Last month, the French magazine Le Canard enchaîné reported that French intelligence officers had contacted the FSA and were preparing for a "limited" intervention. Mr Mohammad, however, denied the reports and said the army defectors were using their state-issued weapons, with the opposition also looting arms from Syrian security forces. "Up to now we have seen no support from Turkey or other countries," he said.

Reports of weapons crossing the border are difficult to verify, but the FSA has an expansive network of smugglers who travel from Turkey to provide medical equipment, winter clothing, food, satellite phones and sensitive messages.

One such courier, 26-year-old Udai Sayeed, was a political science student at Damascus University when the protests began earlier this year. At first, pro-Assad students tried to coerce him into working for them, giving him an electric cattle prod and, later, a pistol. But after a month of seeing regime violence, he went into hiding in Turkey. In a small flat in Antakya, a Turkish city close to the border, he and a small group of other Syrians organised the transport of bags for blood and serum into their beleaguered homeland.

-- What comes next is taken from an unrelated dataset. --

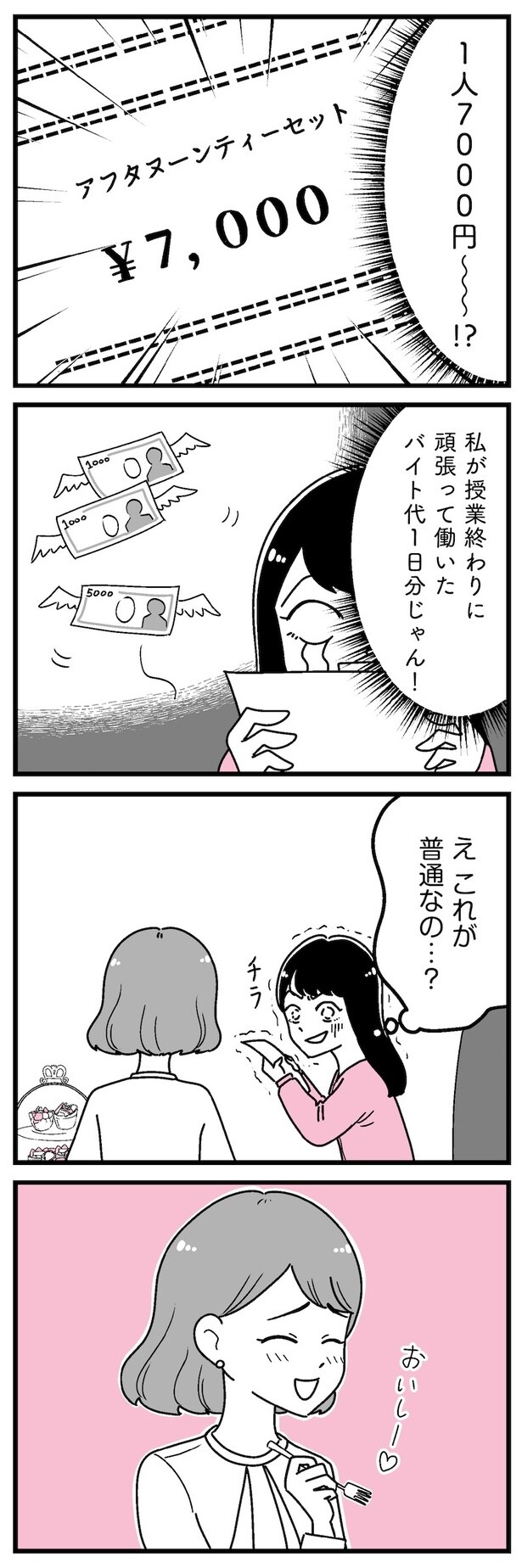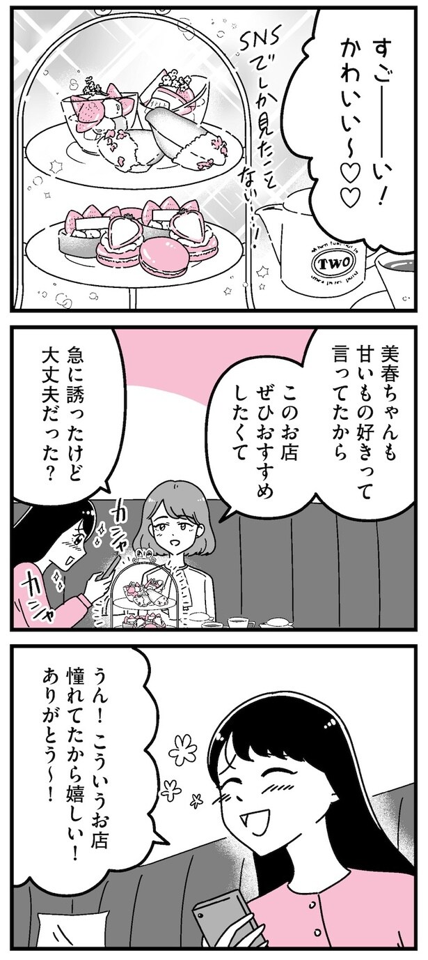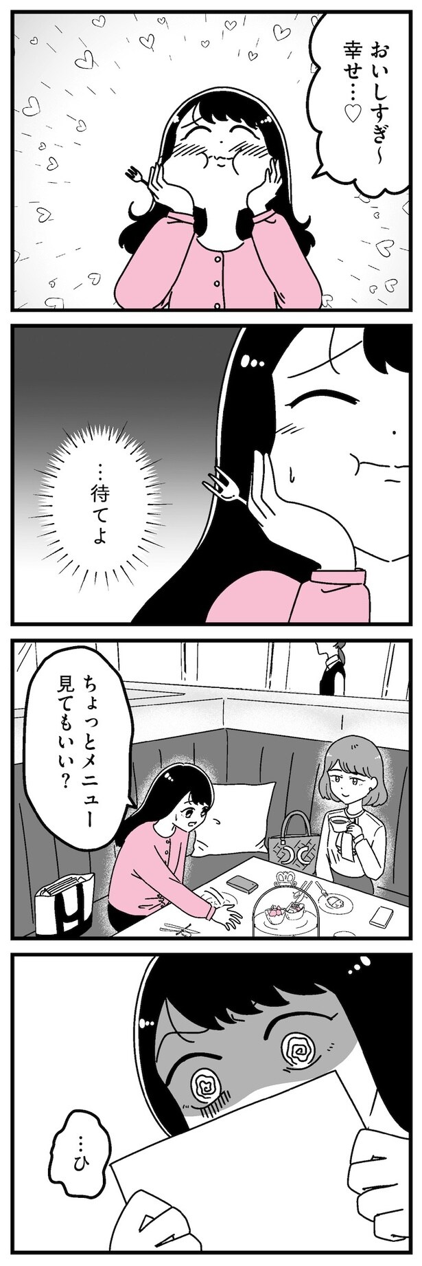 前回、働いても働いてもカツカツな生活に理想とのギャップを感じていた美春。ある日、桜子が美春におすすめしたいとカフェに誘ってくれた。メニューも見ずに注文したアフタヌーンティーの金額を恐る恐る確かめると…。

"In many cities, people can't go to hospitals because they kill a lot of the people there. So the wounded go to the houses. The bags are for those houses," he said.

Another courier, named Nazir, said he would prefer to fight. "If I had a chance and its OK with the Free Syrian Army ... everyone here would fight," he said. "Everyone in Syria lost someone – a brother, a sister. A lot of people in Turkey are waiting for [the FSA commander] al-As'aad to call them."

That sentiment was echoed by refugees in the Turkish camps. "We want to fight to protect our people from what Bashar's regime is doing," said Abo Hasan, a 32-year-old refugee in the Reyhanli camp.

But this army-in-waiting may need to be patient. While the FSA claims an increasing presence across Syria – especially in Homs, Idlib, and Deraa – in Ain al-Baida they say they control only about 500 metres down the hill from their complex of cinder block houses and sandbagged positions.

Calls for the international community to establish a buffer zone inside Syria might not yet have substantial international support, but the FSA's numbers are growing. On average, two to three army defectors a week arrived in Ain al-Baida, Mr Mohammad said.

Because of the restrictions on reporting from Syria, it is impossible to confirm any of the wilder opposition claims of how much influence they have. There are also fears – which the Assad regime has been keen to stoke – that there is a sectarian element, with the largely-Sunni opposition facing off against the largely-Allawite regime supporters.

One new defector, Mejdi Hadu, 21, arrived two days ago. He decided to defect after his military unit was ordered to fire on protesters in Damascus. "Officers said to fire because they worked against us, they worked against Syria, they were bad people," he said.

Asked why he had decided to stay and fight after defecting instead of fleeing to Turkey, he said: "It's better here. I didn't want to hide. I am trying to encourage my friends to come to the free army."